Start of SOURCE DATA
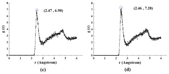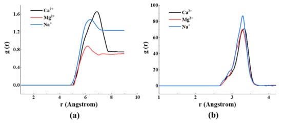 Radial distribution functions of SDS head groups and water molecules in different cationic foam systems. (a) SDS, (b) SDS with 50 g/L CaCl2, (c) SDS with 50 g/L MgCl2, and (d) SDS with 50 g/L NaCl.
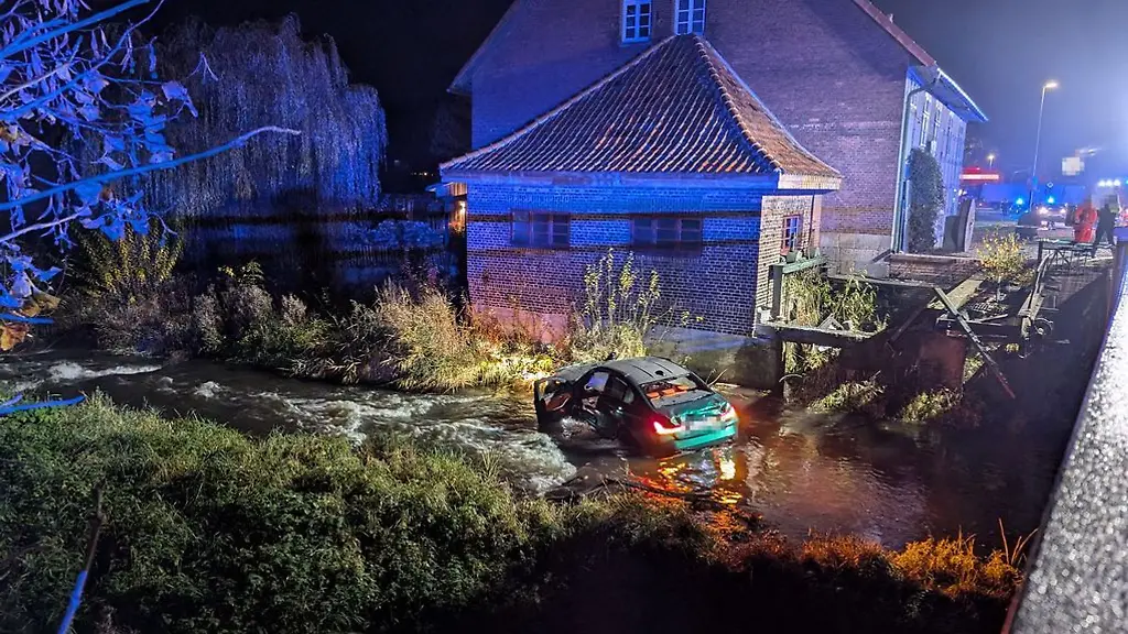Rotenburg (dpa/lni) - Am Donnerstagabend ist ein Auto in Rotenburg (Wümme) durch ein Brückengeländer gebrochen und in die Wiedau, einen Nebenfluss der Wümme, gefahren. Wie ein Sprecher der Polizei mitteilte, kam das Auto gegen 23 Uhr in einer Rechtskurve von der Fahrbahn ab und stürzte in den Fluss. Der Fahrer und sein Beifahrer, beide Anfang 20, wurden leicht verletzt. Sie konnten sich selbstständig aus dem Auto befreien.
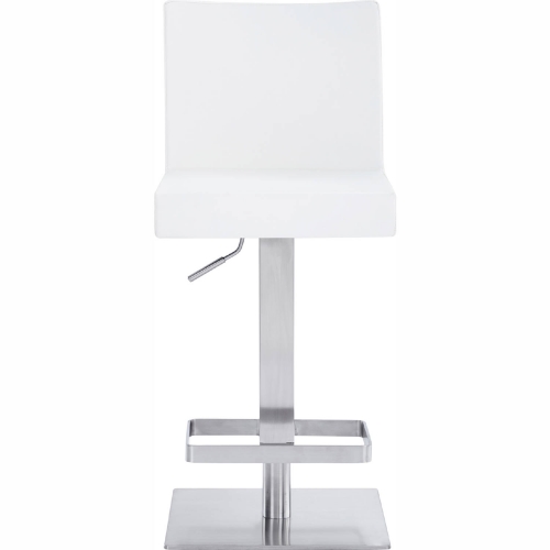 Armen Living Legacy Adjustable Height Swivel Bar Stool in Brushed Stainless Finish & White Leatherette
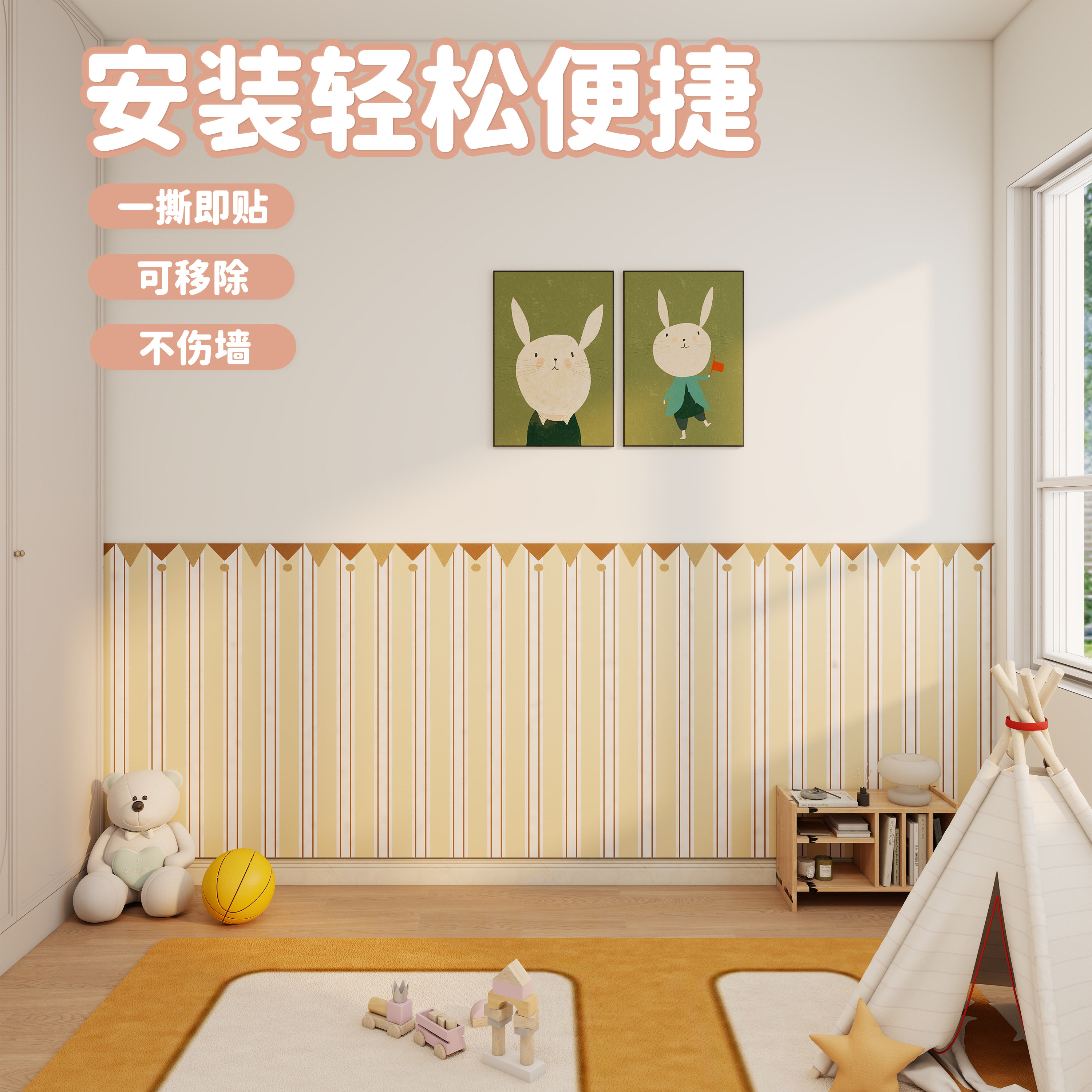 儿童房间装饰神器3d立体免打孔墙面遮丑防撞护墙板童趣风毛毡墙围
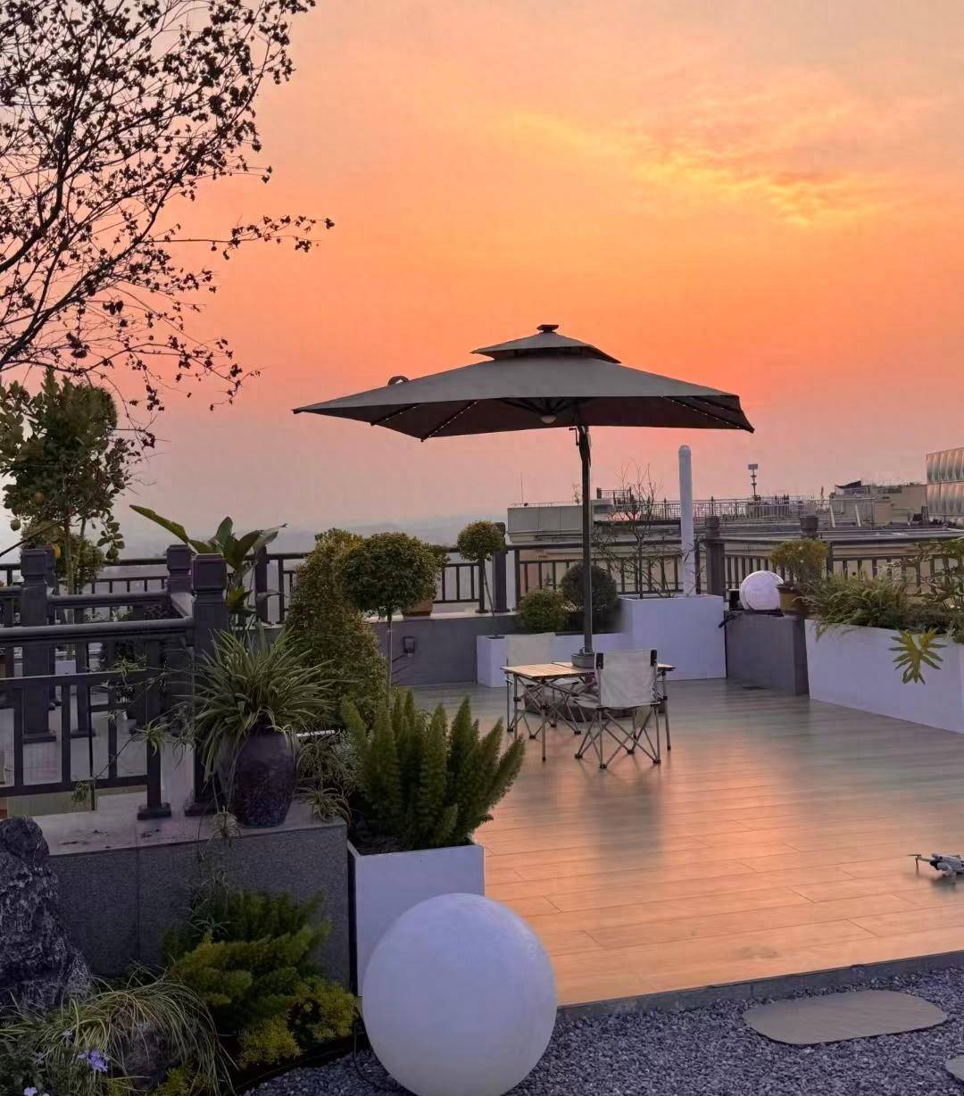 看了好多套房子后,终于选定了一套顶楼带露台的房子,将近50㎡的露台都是赠送的,算是私有面积,不会有别人使用,看着很不错,尤其是傍晚在露台上看晚霞,浪漫又惬意。
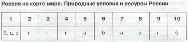 Итоговые тесты Россия на карте мира. Природные условия и ресурсы России: Итоговые тесты1. Какие народы не имеют своих национально-территориальных образований в России? а) Марийцы; б) немцы; в) манси; г) коми; д) корейцы; е) адыгейцы; ж) тувинцы; з) финны. 2. Укажите число государств, имеющих с Россией сухопутные границы: а) 9; б) 11; в) 15; г) 16; д) 18; е) 19. 3. Экономический район России, в котором нет национально-территориальных образований: а) Северный; б) Поволжский; в) Западно-Сибирский; г) Центральночернозёмный. 4. Столицей Республики Тыва является город: а) Абакан; б) Кудымкар; в) Йошкар-Ола; г) Кызыл. 5. Какой из перечисленных районов имеет наибольшие лесные ресурсы? а) Северный; б) Поволжский; в) Волго-Вятский; г) Уральский. 6. Какой из перечисленных районов относится к Восточной экономической зоне? а) Уральский; б) Западно-Сибирский; в) Северный; г) Поволжский. 7. В каком веке Северный район был главными «морскими воротами» России? а) XVII в.; б) XVIII в.; в) XIX в.; г) XX в. 8. Какими видами природных ресурсов Россия наименее обеспечена? а) Почвенными; б) лесными; в) водными; г) минеральными. 9. В каком из перечисленных районов России добывается больше всего нефти и газа? а) Волго-Вятском; б) Восточно-Сибирском; в) Северном; г) Западно- Сибирском. 10. В СНГ не входит: а) Белоруссия; б) Литва; в) Россия; г) Казахстан. Ответы на тесты
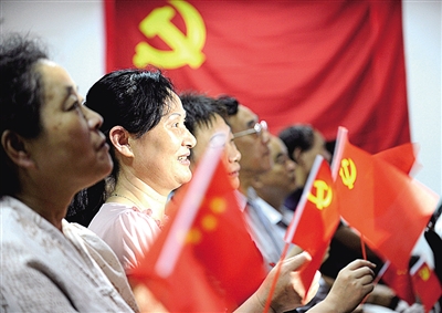 7月1日上午9点半,有着40年党龄的张素芳走进了湖北省武汉市万松街武展社区服务中心,这间30多平方米的服务中心已经坐满了人。居民代表、打工者、学生等齐聚一堂,准备收看庆祝中国共产党成立90周年大会电视直播。液晶电视上方,鲜红的入党誓词格外引人注目。
End of SOURCE DATA
**ABOUT THIS TASK**
Every record above must be repeated exactly, with the pictures dropped.

**ANSWER TO THIS PROBLEM**
 Radial distribution functions of SDS head groups and water molecules in different cationic foam systems. (a) SDS, (b) SDS with 50 g/L CaCl2, (c) SDS with 50 g/L MgCl2, and (d) SDS with 50 g/L NaCl.
Rotenburg (dpa/lni) - Am Donnerstagabend ist ein Auto in Rotenburg (Wümme) durch ein Brückengeländer gebrochen und in die Wiedau, einen Nebenfluss der Wümme, gefahren. Wie ein Sprecher der Polizei mitteilte, kam das Auto gegen 23 Uhr in einer Rechtskurve von der Fahrbahn ab und stürzte in den Fluss. Der Fahrer und sein Beifahrer, beide Anfang 20, wurden leicht verletzt. Sie konnten sich selbstständig aus dem Auto befreien.
 Armen Living Legacy Adjustable Height Swivel Bar Stool in Brushed Stainless Finish & White Leatherette
 儿童房间装饰神器3d立体免打孔墙面遮丑防撞护墙板童趣风毛毡墙围
 看了好多套房子后,终于选定了一套顶楼带露台的房子,将近50㎡的露台都是赠送的,算是私有面积,不会有别人使用,看着很不错,尤其是傍晚在露台上看晚霞,浪漫又惬意。
 Итоговые тесты Россия на карте мира. Природные условия и ресурсы России: Итоговые тесты1. Какие народы не имеют своих национально-территориальных образований в России? а) Марийцы; б) немцы; в) манси; г) коми; д) корейцы; е) адыгейцы; ж) тувинцы; з) финны. 2. Укажите число государств, имеющих с Россией сухопутные границы: а) 9; б) 11; в) 15; г) 16; д) 18; е) 19. 3. Экономический район России, в котором нет национально-территориальных образований: а) Северный; б) Поволжский; в) Западно-Сибирский; г) Центральночернозёмный. 4. Столицей Республики Тыва является город: а) Абакан; б) Кудымкар; в) Йошкар-Ола; г) Кызыл. 5. Какой из перечисленных районов имеет наибольшие лесные ресурсы? а) Северный; б) Поволжский; в) Волго-Вятский; г) Уральский. 6. Какой из перечисленных районов относится к Восточной экономической зоне? а) Уральский; б) Западно-Сибирский; в) Северный; г) Поволжский. 7. В каком веке Северный район был главными «морскими воротами» России? а) XVII в.; б) XVIII в.; в) XIX в.; г) XX в. 8. Какими видами природных ресурсов Россия наименее обеспечена? а) Почвенными; б) лесными; в) водными; г) минеральными. 9. В каком из перечисленных районов России добывается больше всего нефти и газа? а) Волго-Вятском; б) Восточно-Сибирском; в) Северном; г) Западно- Сибирском. 10. В СНГ не входит: а) Белоруссия; б) Литва; в) Россия; г) Казахстан. Ответы на тесты
 7月1日上午9点半,有着40年党龄的张素芳走进了湖北省武汉市万松街武展社区服务中心,这间30多平方米的服务中心已经坐满了人。居民代表、打工者、学生等齐聚一堂,准备收看庆祝中国共产党成立90周年大会电视直播。液晶电视上方,鲜红的入党誓词格外引人注目。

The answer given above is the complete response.